#### Task prompt
Your job here is to restate every record exactly, pictures excluded.

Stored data
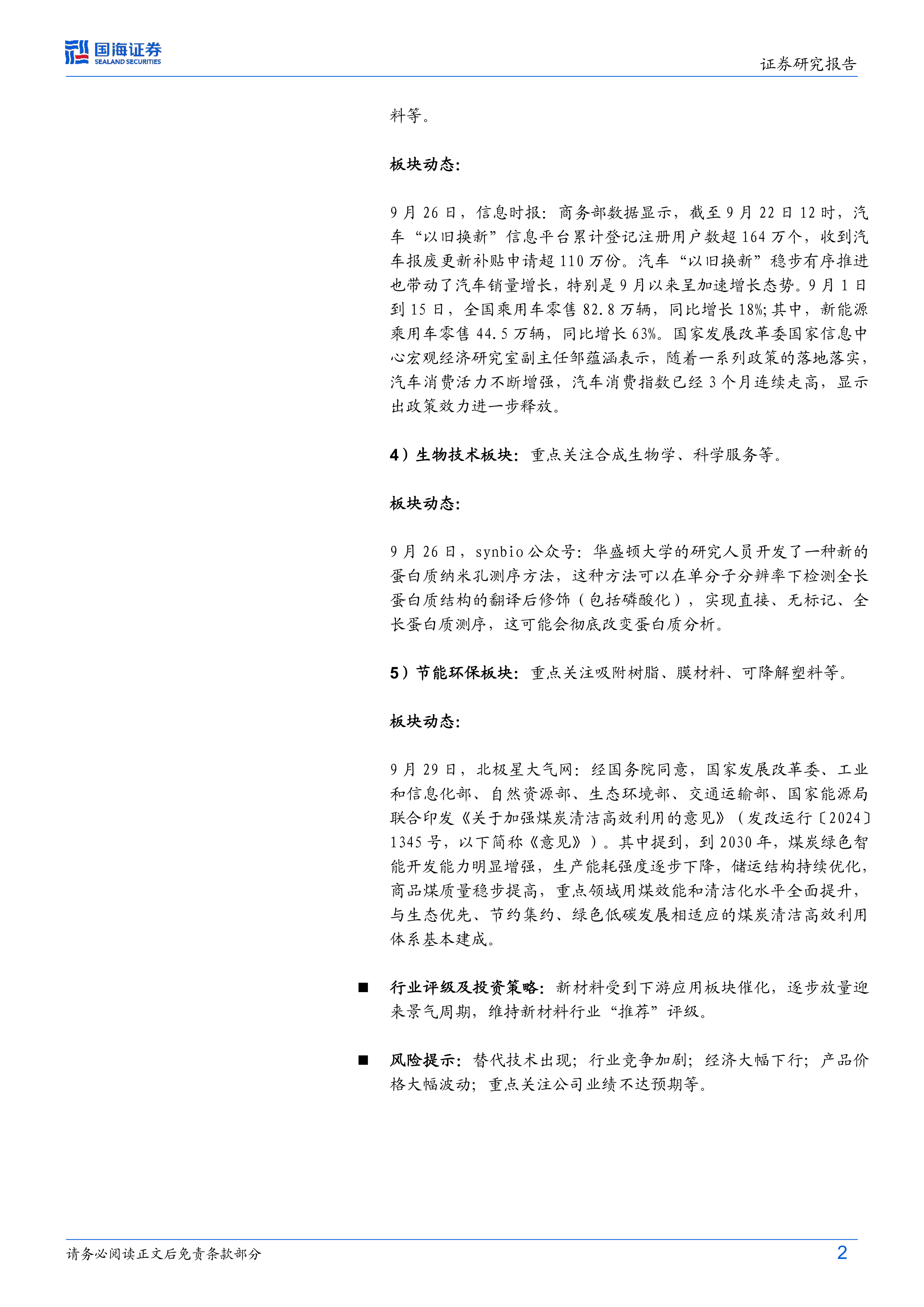 本报告详细分析了新材料行业,并对重点关注的几个板块进行了深入研究,包括电子信息、航空航天、新能源、生物技术和节能环保板块。
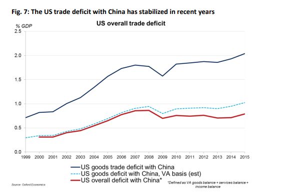 別看這個(gè)歐洲智庫(kù)的數(shù)據(jù)有點(diǎn)舊,在2018年的今天,情況還是一樣一樣的。美國(guó)CNBC上個(gè)月的一篇報(bào)道中就引用了來(lái)自牛津大學(xué)的數(shù)據(jù)稱,如果按照各國(guó)實(shí)際在貿(mào)易中的“附加價(jià)值”計(jì)算,中美現(xiàn)在3700億的貿(mào)易逆差會(huì)縮小一半之巨,即從美國(guó)GDP的2%縮小到1%——這已經(jīng)與歐盟相當(dāng)了。
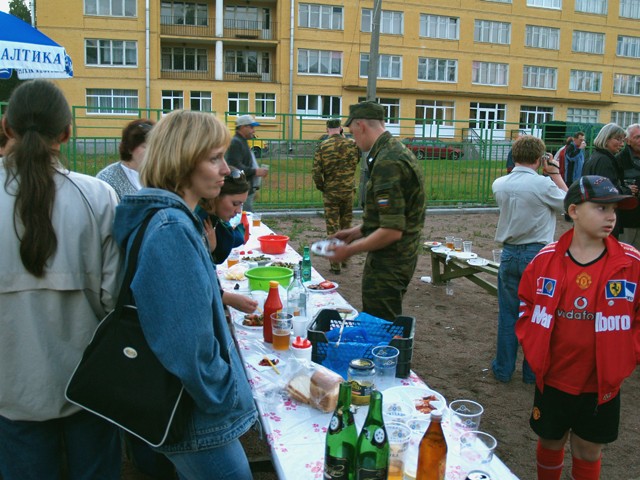Wir wärmen uns ebenfalls auf, werden jedoch durch eintreffende Bekannte, die wir natürlich gerne begrüßen, ständig unterbrochen. Plötzlich wird das Zeichen zur Einschreibung erteilt. 1000 Rubel plus pro Person 300 Rubel für Speis und Trank. Ganz schön viel denkt wohl jeder von uns der in den letzten zwei Tagen schon erzählt bekam wie hoch hier die durchschnittlichen Einkommen sind, ohne zu wissen, was uns noch erwartet! Den ganzen Tag über werden wir mit russischen Spezialitäten versorgt. Vom gefüllten Brötchen über Trockenfisch bis hin zu Erdnüssen und Pistazien war alles in reichhaltiger Auswahl vorhanden. Insgesamt 240 Liter leckersten Bieres werden von den Teilnehmern an den beiden Turniertagen getrunken. Weitere beliebte Getränke sind Tee und Kaffee. Im Anschluss an den ersten Tag des Turniers wird dann vom General höchstpersönlich Schaschlik gegrillt. Wir lassen uns kulinarisch richtig verwöhnen. Als wir des Nachts mit dem Taxi wieder zurück fahren, bin ich so voll gestopft, dass ich mich fast nicht mehr bewegen kann!
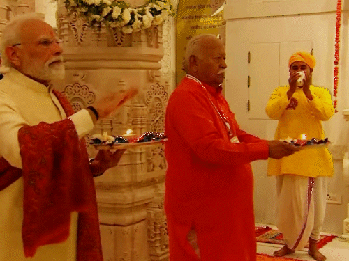 पीएम मोदी और मोहन भागवत ने रामलला की पूजा अर्चना की
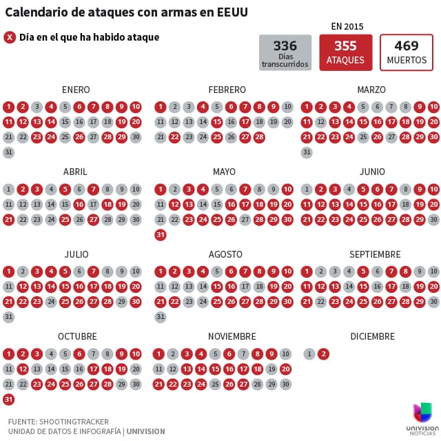 En 2015 solo, hubo más ataques masivos y muertos que días del año, como informó el equipo de #dataviz de Univision Noticias.
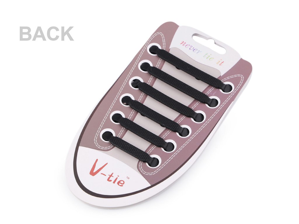 Silikónové šnúrky do topánok si zamilujú predovšetkým deti a tínedžeri. Majú plno výhod, medzi ktoré patrí napríklad, že nepraskajú, nevyťahujú sa, nikde neplandajú, len tak rýchlo sa nezašpinia, neškrtia, sú elastické a hlavne sa zložito nešnurujú . Iba sa prvýkrát zastrčia do otvorov v topánke a môžete ísť. V balení je 6 párov šnúriek v neónových farbách, od najmenšej sa smerom nahor ich dĺžka zväčšuje. Jedna strana má vrúbkovaný vzor, druhá je hladká, záleží na vás, akú stranu si zvolíte, aby bola vidieť.
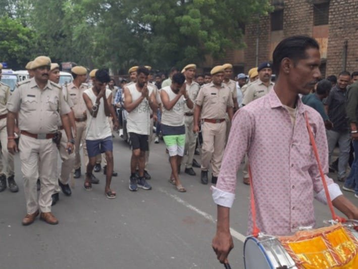 पाली। शहर में युवक जितेंद्र मेघवाल की हत्या के आरोपियों का मंगलवार को पुलिस ने ढोल-नगाड़ों के साथ जुलूस निकाला। यह नजारा देख शहरवासी दंग रह गए। आरोपियों के कपड़ों पर “हार्डकोर हिस्ट्रीशीटर” लिखा था और वे पूरे रास्ते हाथ जोड़ते हुए, लंगड़ाते हुए चल रहे थे।

#### Exercise output
 本报告详细分析了新材料行业,并对重点关注的几个板块进行了深入研究,包括电子信息、航空航天、新能源、生物技术和节能环保板块。
 別看這個(gè)歐洲智庫(kù)的數(shù)據(jù)有點(diǎn)舊,在2018年的今天,情況還是一樣一樣的。美國(guó)CNBC上個(gè)月的一篇報(bào)道中就引用了來(lái)自牛津大學(xué)的數(shù)據(jù)稱,如果按照各國(guó)實(shí)際在貿(mào)易中的“附加價(jià)值”計(jì)算,中美現(xiàn)在3700億的貿(mào)易逆差會(huì)縮小一半之巨,即從美國(guó)GDP的2%縮小到1%——這已經(jīng)與歐盟相當(dāng)了。
Wir wärmen uns ebenfalls auf, werden jedoch durch eintreffende Bekannte, die wir natürlich gerne begrüßen, ständig unterbrochen. Plötzlich wird das Zeichen zur Einschreibung erteilt. 1000 Rubel plus pro Person 300 Rubel für Speis und Trank. Ganz schön viel denkt wohl jeder von uns der in den letzten zwei Tagen schon erzählt bekam wie hoch hier die durchschnittlichen Einkommen sind, ohne zu wissen, was uns noch erwartet! Den ganzen Tag über werden wir mit russischen Spezialitäten versorgt. Vom gefüllten Brötchen über Trockenfisch bis hin zu Erdnüssen und Pistazien war alles in reichhaltiger Auswahl vorhanden. Insgesamt 240 Liter leckersten Bieres werden von den Teilnehmern an den beiden Turniertagen getrunken. Weitere beliebte Getränke sind Tee und Kaffee. Im Anschluss an den ersten Tag des Turniers wird dann vom General höchstpersönlich Schaschlik gegrillt. Wir lassen uns kulinarisch richtig verwöhnen. Als wir des Nachts mit dem Taxi wieder zurück fahren, bin ich so voll gestopft, dass ich mich fast nicht mehr bewegen kann!
 पीएम मोदी और मोहन भागवत ने रामलला की पूजा अर्चना की
 En 2015 solo, hubo más ataques masivos y muertos que días del año, como informó el equipo de #dataviz de Univision Noticias.
 Silikónové šnúrky do topánok si zamilujú predovšetkým deti a tínedžeri. Majú plno výhod, medzi ktoré patrí napríklad, že nepraskajú, nevyťahujú sa, nikde neplandajú, len tak rýchlo sa nezašpinia, neškrtia, sú elastické a hlavne sa zložito nešnurujú . Iba sa prvýkrát zastrčia do otvorov v topánke a môžete ísť. V balení je 6 párov šnúriek v neónových farbách, od najmenšej sa smerom nahor ich dĺžka zväčšuje. Jedna strana má vrúbkovaný vzor, druhá je hladká, záleží na vás, akú stranu si zvolíte, aby bola vidieť.
 पाली। शहर में युवक जितेंद्र मेघवाल की हत्या के आरोपियों का मंगलवार को पुलिस ने ढोल-नगाड़ों के साथ जुलूस निकाला। यह नजारा देख शहरवासी दंग रह गए। आरोपियों के कपड़ों पर “हार्डकोर हिस्ट्रीशीटर” लिखा था और वे पूरे रास्ते हाथ जोड़ते हुए, लंगड़ाते हुए चल रहे थे।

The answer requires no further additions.